┌─ EXERCISE DATA

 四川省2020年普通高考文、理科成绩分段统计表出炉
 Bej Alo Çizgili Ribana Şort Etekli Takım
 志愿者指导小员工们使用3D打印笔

└─
┌─ EXERCISE DATA

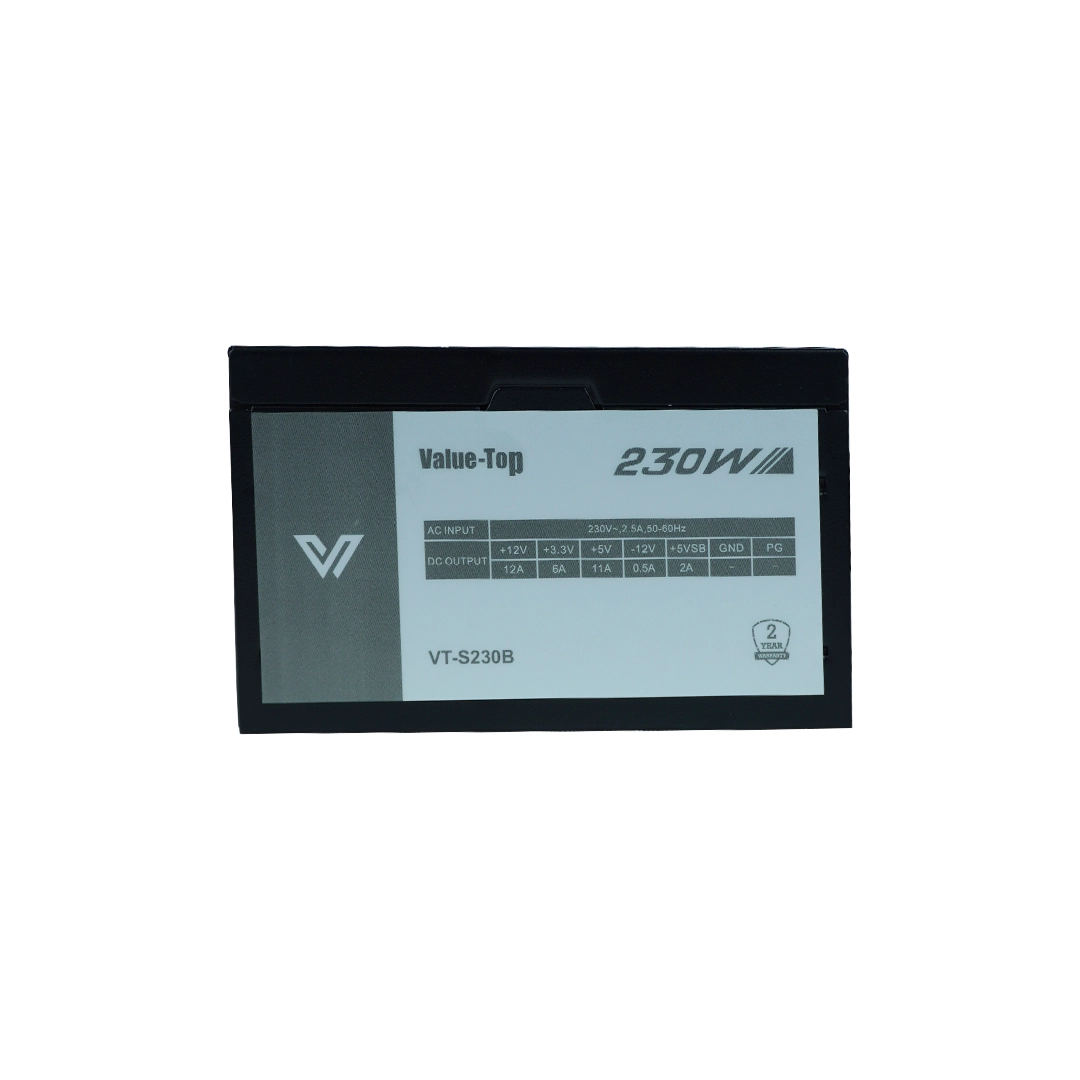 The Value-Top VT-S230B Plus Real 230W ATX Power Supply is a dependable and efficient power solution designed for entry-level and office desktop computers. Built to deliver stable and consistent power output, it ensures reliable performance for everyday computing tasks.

└─

## PROBLEM TO WORK ON
Take the records above and return, word for word, only the lines that fall from the line with "四川省2020年普通高考文、理科成绩分段统计表出炉" to the line with "志愿者指导小员工们使用3D打印笔", both of them included.

## ANSWER SPACE
 四川省2020年普通高考文、理科成绩分段统计表出炉
 Bej Alo Çizgili Ribana Şort Etekli Takım
 志愿者指导小员工们使用3D打印笔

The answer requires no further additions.